Protecting Your Skin – A Guide to Sun-Proofing Your Skin

It is officially summer and it is time to talk about skin aging, skin cancer and, most importantly, ways of protecting the skin from the “harmful rays of the sun”.

Sun exposure is considered the most common cause of premature wrinkles in our society. Did you know that many experts are calling sun tanning and tanning booths the “tobacco of the 21st century”?

If you want to keep your youthful skin for as long as possible, then you better pay attention to what follows! It may well save you from a decade or more of premature skin aging and may even save you from those dreaded words, “You have skin cancer.”

Protect Your Skin For a Long & Healthy Life

First, it is important to understand that skin cancer, in one form or another, accounts for about fifty percent of all cancers. Most of these skin cancers are basal cell carcinoma, a common and benign form. The second most common form is squamous cell carcinoma, a form that is generally benign but can become invasive in rare cases when left untreated. The least common and most dangerous form is melanoma, a form that is aggressive and deadly. Because skin cancer accounts for such a significant amount of cancer incidence, keeping the skin healthy can have a significant impact on longevity and quality of life. Treatment of even benign forms of skin cancer can leave unsightly scars and thus prevention is key.

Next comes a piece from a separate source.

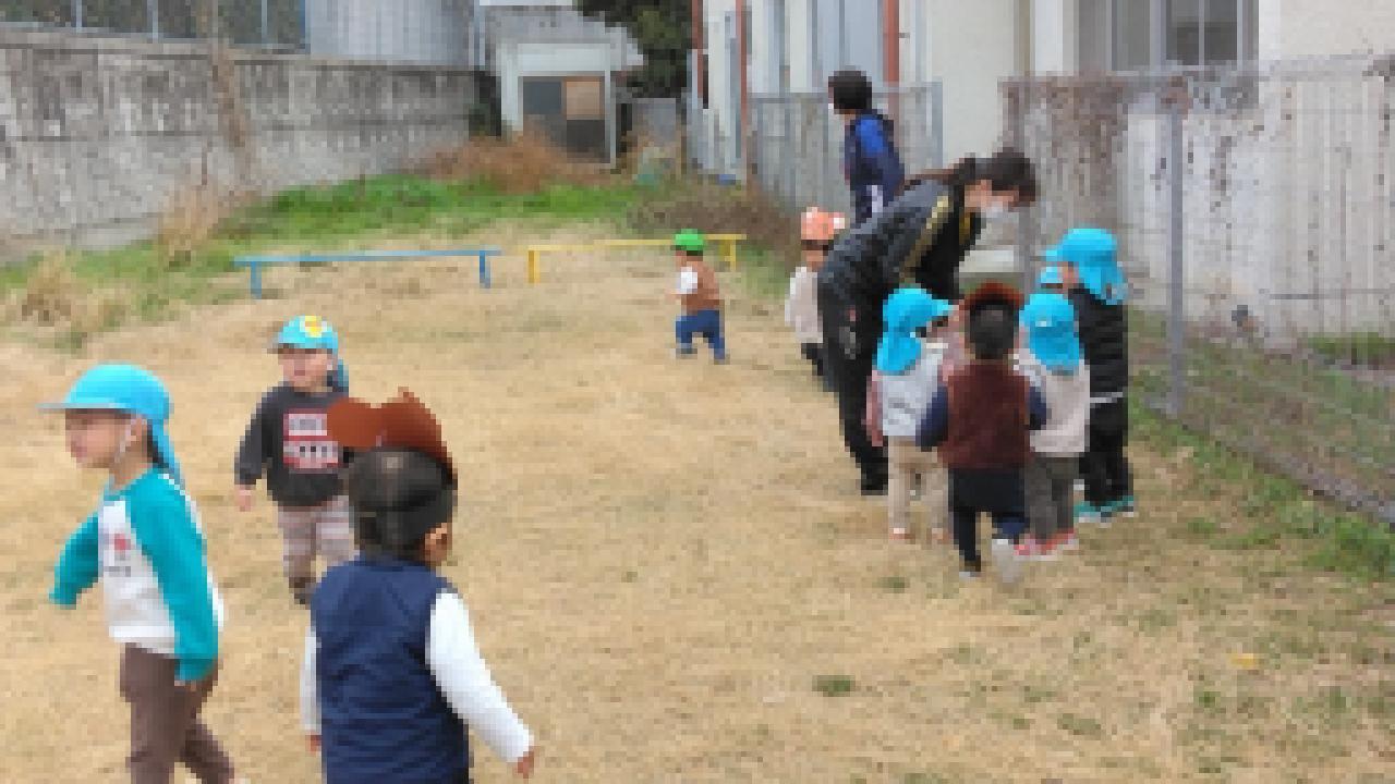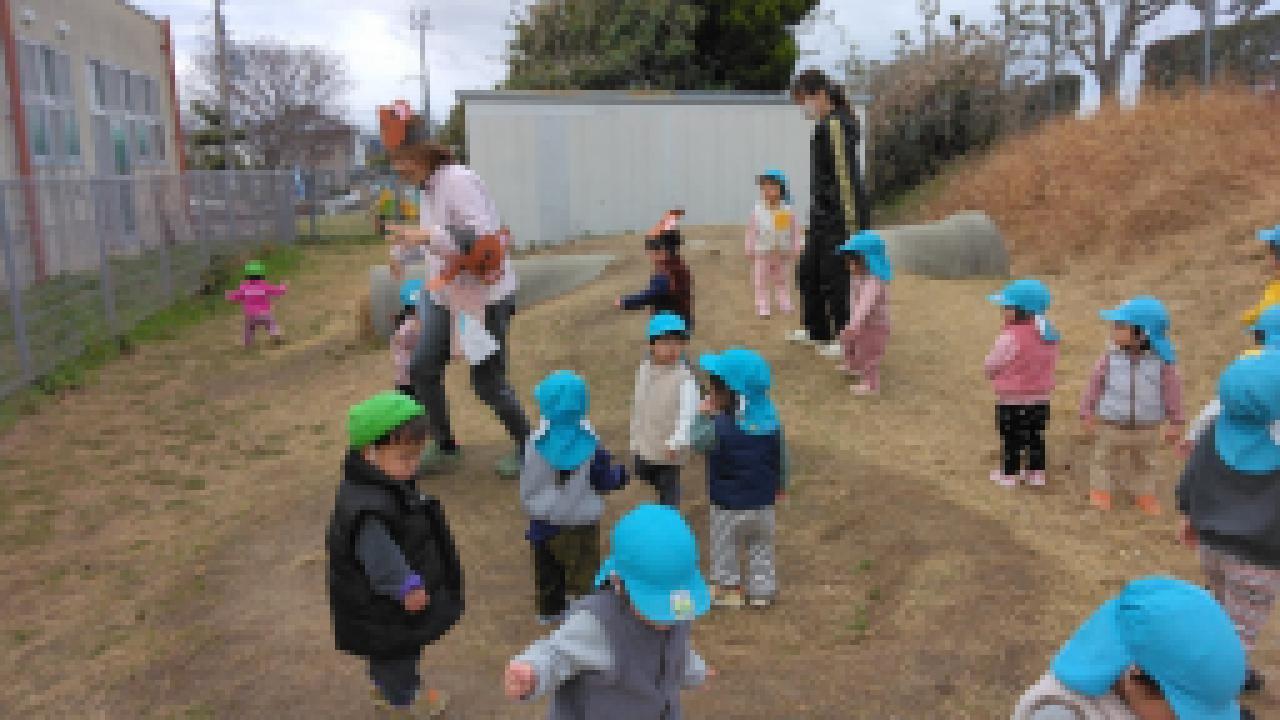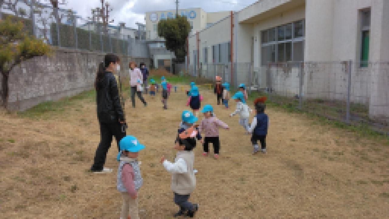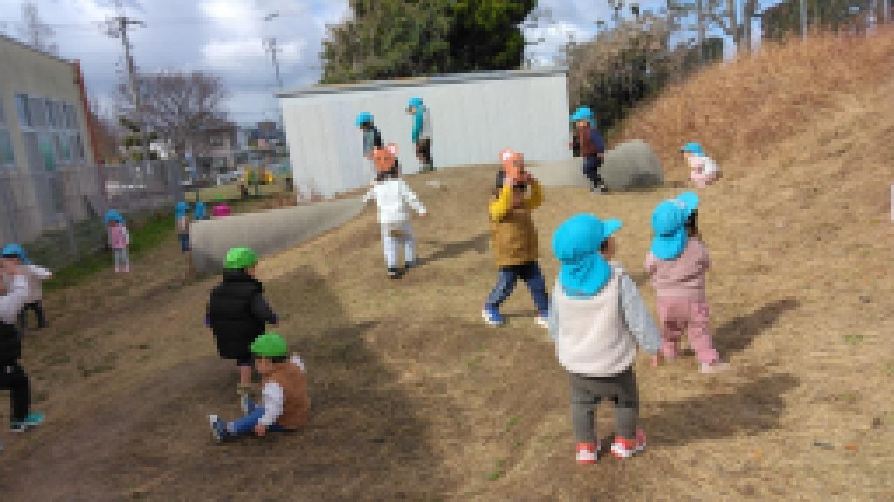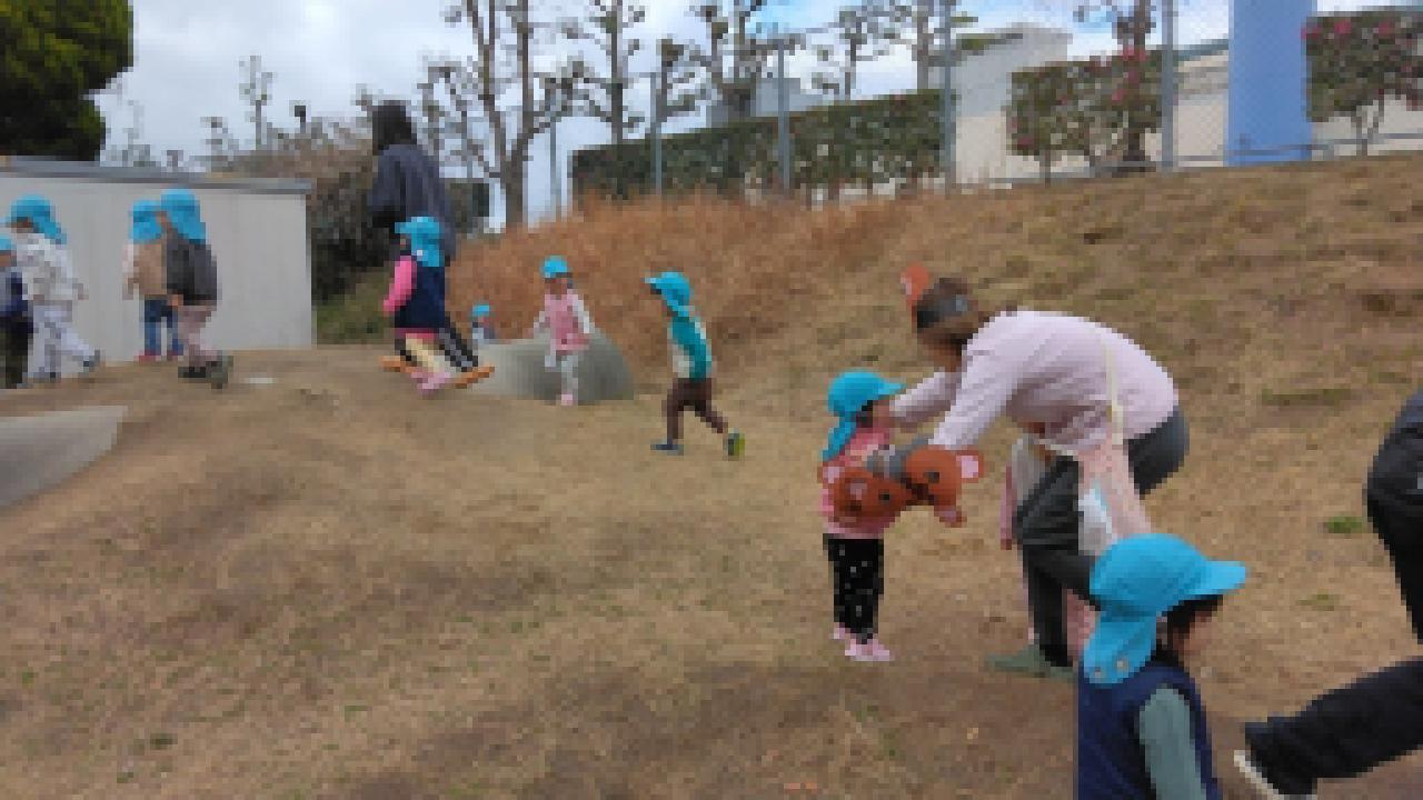 お外で❝むっくりくまさん❞をしました。子ども達は歌とルールをしっかり覚えているので、「くまさ~ん」と呼びかけるときには、すでに逃げる体勢になっている子が多くとても可愛いです。

Many experts blame sun exposure for the high incidence of skin cancer in our society. Although UV rays can damage skin cells and increase the risk of skin cancer, there are likely other factors that play an even more important role such as age and nutrition.

Questions about the link between sun exposure and skin cancer have been raised by studies that found office workers were at a higher risk of developing malignant melanomas compared to people whose lifestyles and work exposed them to larger quantities of sunlight. In one such study, the lowest risk of melanoma was found in the group who listed sunbathing as their main outdoor activity (Lancet 2: 290-92, 1982).

Numerous other studies have been performed to test these findings, many of which confirm the results. Please note, these results do not prove that sun exposure is not a contributor to melanomas, it simply shows that we must look for other co-factors that may prove to play an even more important role in the ultimate development of melanoma.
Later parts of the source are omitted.